Board leadership attributes greatly influence a firm's sustainability performance. However, the impact of these attributes depends on the board's structure: Unitary, Two-tier or Mixed. The specific attributes of each structure may affect sustainability oversight. They can enable or constrain corporate sustainability, depending on the board's leadership effectiveness. The primary objective of this research is to examine how board leadership attributes impact environmental, social and governance (ESG) performance across different board structures.

Design/methodology/approach

This study examines the relationship between board leadership and ESG performance across companies in Europe, Asia and America. It uses data on about 8,094 companies from Refinitiv Ikon (2016–2021) and conducts panel-data analysis using fixed- and random-effects models.

Findings

Board size affects ESG performance differently across structures: larger boards improve ESG in Unitary and Mixed boards but reduce it in Two-tier boards.
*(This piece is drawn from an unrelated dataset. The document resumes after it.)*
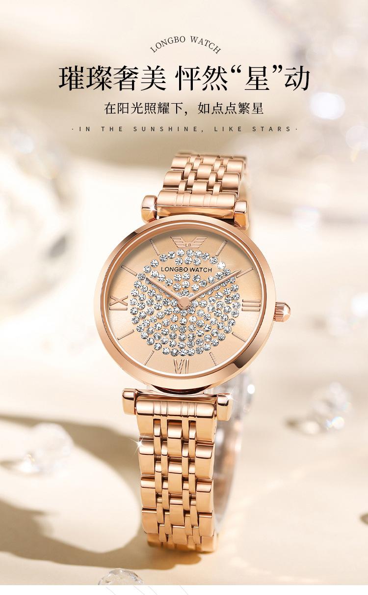 Compre LONGBO LONGBO marca Starry Women's Watch TikTok ao vivo venda quente relógio de quartzo impermeável relógio feminino atacado no atacado no Joom.pro

Board independence, expertise and gender diversity all boost ESG scores across structures. Larger companies score better on ESG, but leverage has little effect on ESG across structures.

Practical implications

The findings matter for legislators, board members, academicians, and investors. Policy should promote board attributes tailored to each board structure. ESG subcommittees can fix structural gaps because boards differ. Companies should review their board evaluation criteria to determine whether their boards integrate leadership into sustainability strategy, especially in family-owned or state-influenced firms – so skilled board members can contribute more effectively.

Originality/value

This research offers a new global view of how corporate governance practices and board structures shape sustainability performance. It builds on existing work by showing that board attributes interact with their structural context. The study reveals how board attributes matter differently across structures, explaining why past studies produced mixed results.